Now here was the narrow rutted road to the boatyard, pointed out to him so patiently by the driver. A line of cottages and trailers dotted the wild grass. Jeremy plodded along in the herringbone prints of some truck or tractor, keeping his head bent against a cold breeze that was blowing up. The soil was very soggy, as if it had rained not long ago, and soon his shoes and trouser cuffs were damp. He thought the dampness was pleasant — two cool hands pressing the soles of his feet. After rounding each curve he looked for a glimpse of the boatyard. He had no idea how far it was. But when he failed to find it he trudged on without minding. Some kind of rhythm had been set up, and his legs swung forward in a steady trundling gait that seemed to require no effort. He felt he could have gone on till nightfall and still not have tired.

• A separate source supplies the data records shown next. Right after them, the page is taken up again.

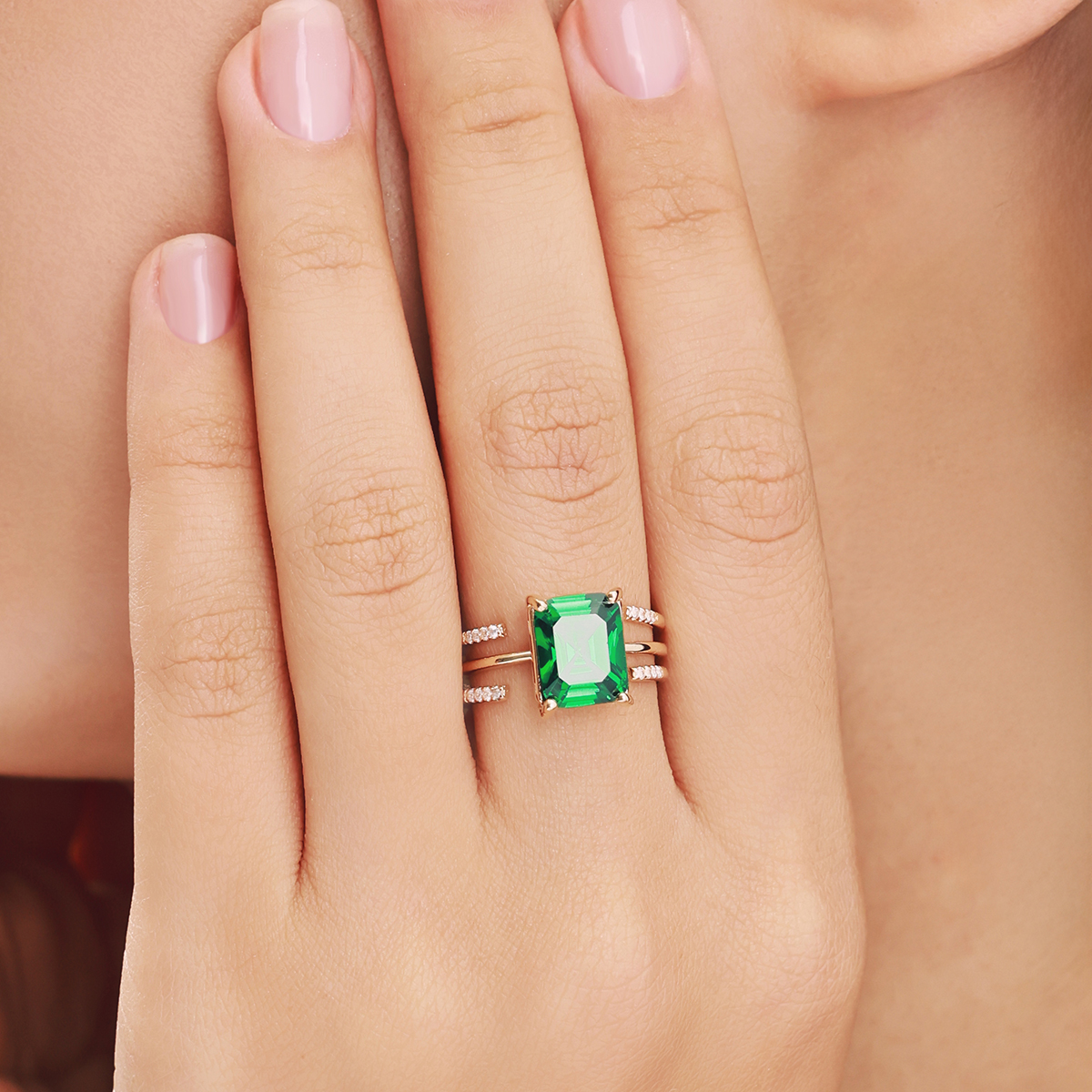 Gösterişli tasarımıyla dikkat çeken bu 14 ayar altın yüzük, ortasındaki büyük yeşil taşla güçlü bir şıklık sunar. Üç bantlı modern formu, yanlardaki küçük taş detaylarıyla bütünleşerek sofistike bir görünüm kazandırır. Hem özel günlerde iddialı bir aksesuar olarak hem de günlük kombinlerde fark yaratan bir parça olarak kullanılabilir.
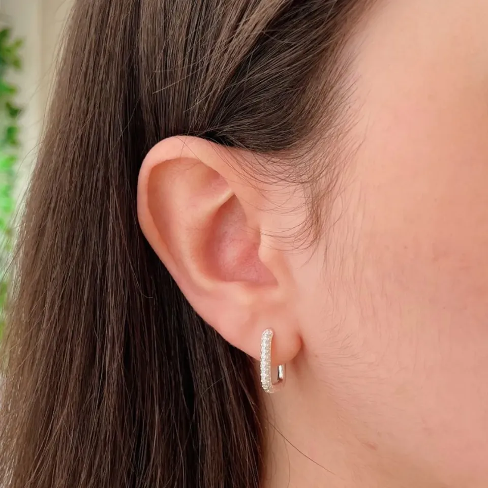 Brinco argola retangular cravejada. em prata 925.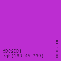 Цвет #BC2DD1 в цветовой модели RGB обозначается тремя октетами (188, 45, 209) в десятичном формате и #BC2DD1 в шестнадцатиричном (hex) формате, которые являются интенсивностью красного 188 (hex BC), интенсивность зелёного 45 (hex 2D) и интенсивность синего 209 (hex D1).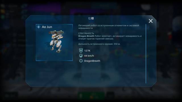 ![]() | Ao Jun(敖閏:ごうじゅん) 中機体 武器:重×2 アビリティスロット:パッシブ3、アクティブ1 アビリティ:DragonBreath ステルス+滞空移動+ターゲットしている敵が350m以内かつ正面に捉えている時、機体正面を上下に開いて自動で火炎放射攻撃。 アビリティ使用時は機体側面のウィングを展開、更にウィングに付いたスラスターハッチも展開し、脚部を折りたたむ。本体と足の裏からは噴射炎が見える。 |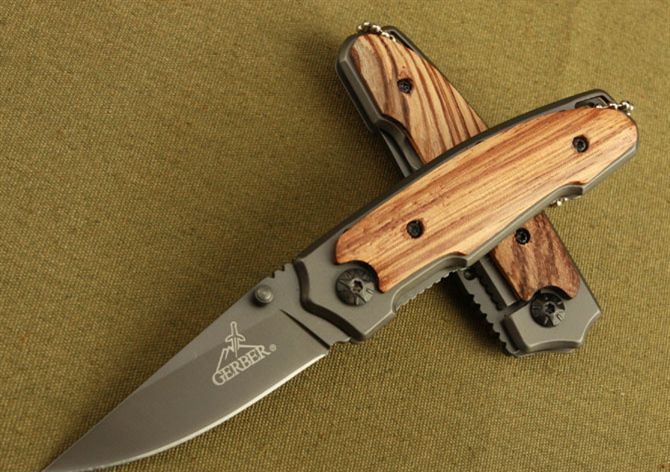 戈博-X18折刀 刃材:3Cr13 硬度: 55HRC 全长:15CM 刃长:6.5CM 刃厚: 0.27CM 刃宽:2.1CM (最宽处) 柄长: 9CM 涂层:钛版 柄材: 木片 重量:100克 锁定: 边锁

Then up sprang a cluster of gray shacks and a sheet of water beyond them — silently, eerily. He almost thought he had caught them moving into place just out of the corner of his eye. Above the largest building, which was plastered with soft drink signs, a tin chimney seemed suspended from a thread of smoke. There were several shabby cars scattered about, and a rusty flatbed truck beside a shed, and boats lining the dock and moored out on the water, but he saw no sign of humans. He approached the largest building as slowly as possible. Still, he felt he brought more noise and motion than the rules of this place would allow.
“Al’s Supplies” the sign outside said, with Coca-Cola circles at either end like giant red thumbtacks. Jeremy climbed the hollow wooden steps and went inside. He found a man sitting beside a pot-bellied stove, reading a tabloid. All around him were display cases full of astonishing objects, things made of brass and wood and leather. Coils of very white rope hung from the rafters. In the dimness beyond he saw tinned goods on shelves, and he could smell cheese. “Excuse me,” he said. The man folded his paper very carefully and creased the fold with his thumbnail before he looked up. “I was wondering if you knew where Brian O’Donnell’s house is,” Jeremy said.
“O’Donnell. No such fellow here by that name.”
“But — but there has to be,” Jeremy said.
“Nope.”
“Isn’t this the Quamikut Boatyard?”
“Yes, but there ain’t no—”
“He has a house here. His name is O’Donnell, a man with a beard.”
“Well, I never seen him and I know everybody roundabout, Mister.”
“But surely you — and there’s a woman there now with six children, staying in his house.”
“Oh! You’re talking about Mary Pauling.”
“That’s right, that’s who I mean.”
“She’s here, but I never heard of no O’Donnell before.”
“Well, um, could you tell me how to find her?”